Ils ont fait part du "choc" ressenti en découvrant
in situ les conditions de vie des Palestiniens et la politique de
colonisation du gouvernement israélien. "La situation des
habitants de Gaza est scandaleuse, incompatible avec les droits de l'homme
et la civilisation démocratique", a jugé Stéphane
Hessel, ancien ambassadeur de France. "Nous avons observé
dans les territoires tous les signes d'une occupation intolérable,
qui explique bien des violences", a renchéri le scientifique
Jean-Jacques Salomon.
Des images et des paroles emmagasinées, chacun a retenu ce qui l'a
le plus révolté. "J'ai été submergé
par des termes que je ne connaissais que dans les livres d'histoire, tels
que transfert, déportation, illégalité", s'est
indigné le producteur Sacha Goldman. Pour Annick Weiner, universitaire,
la vision des habitations palestiniennes détruites par l'armée
israélienne s'est superposée, de manière choquante,
à celle des "splendides maisons en haut des collines",
celles des colons. Les avancées de la présence israélienne
dans les territoires occupés les ont particulièrement marqués.
"J'ai été frappé par le génie de la
colonisation autour de Jérusalem", a souligné le
docteur Mathieu de Brunhoff, évoquant le réseau routier que
développent les Israéliens pour couper la ville du reste de
la Cisjordanie.
Optimistes par nature, ces partisans de la paix n'ont pu masquer un certain
pessimisme. "La méfiance, le racisme partagé, sont
contraires à ce qui serait souhaitable pour une solution à
court terme", a estimé M. Salomon. "Côté
palestinien, il n'y a plus de matrice pour une société ;
la police, la justice, les prisons ont été détruites",
a rappelé M. Goldman. Leur rapide visite au quartier général
dévasté de Yasser Arafat n'a fait qu'amplifier ce sentiment.

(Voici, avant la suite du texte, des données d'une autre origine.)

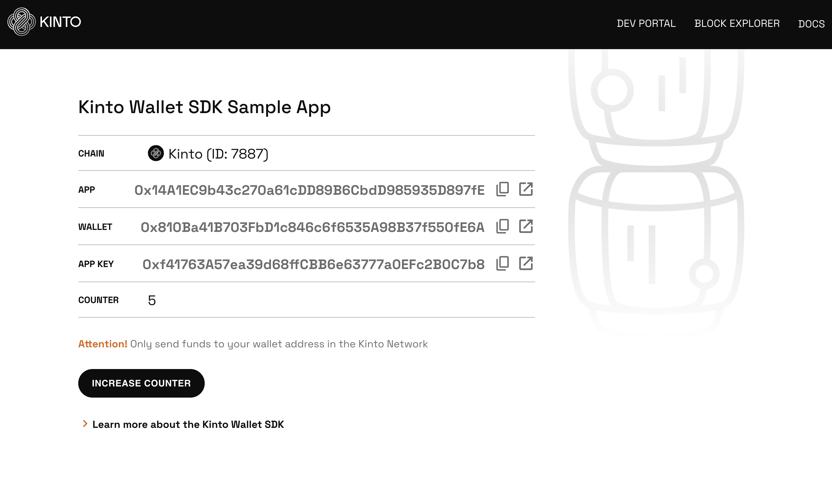 The [**Sample Counter App**](https://github.com/KintoXYZ/react-sdk-sample) demonstrates how to integrate and use the Kinto Wallet SDK in a real-world React application, in this case a counter contract that Kinto users can increase.

"J'ai perçu la faiblesse de l'Autorité palestinienne,
écrasée par Israël et rongée de l'intérieur
par une crise de légitimité", a témoigné
M. Salomon. "Nous avons eu le sentiment qu'aucune solution
ne peut venir de l'intérieur ; une intervention internationale
est essentielle", a estimé le chercheur Gérard Toulouse.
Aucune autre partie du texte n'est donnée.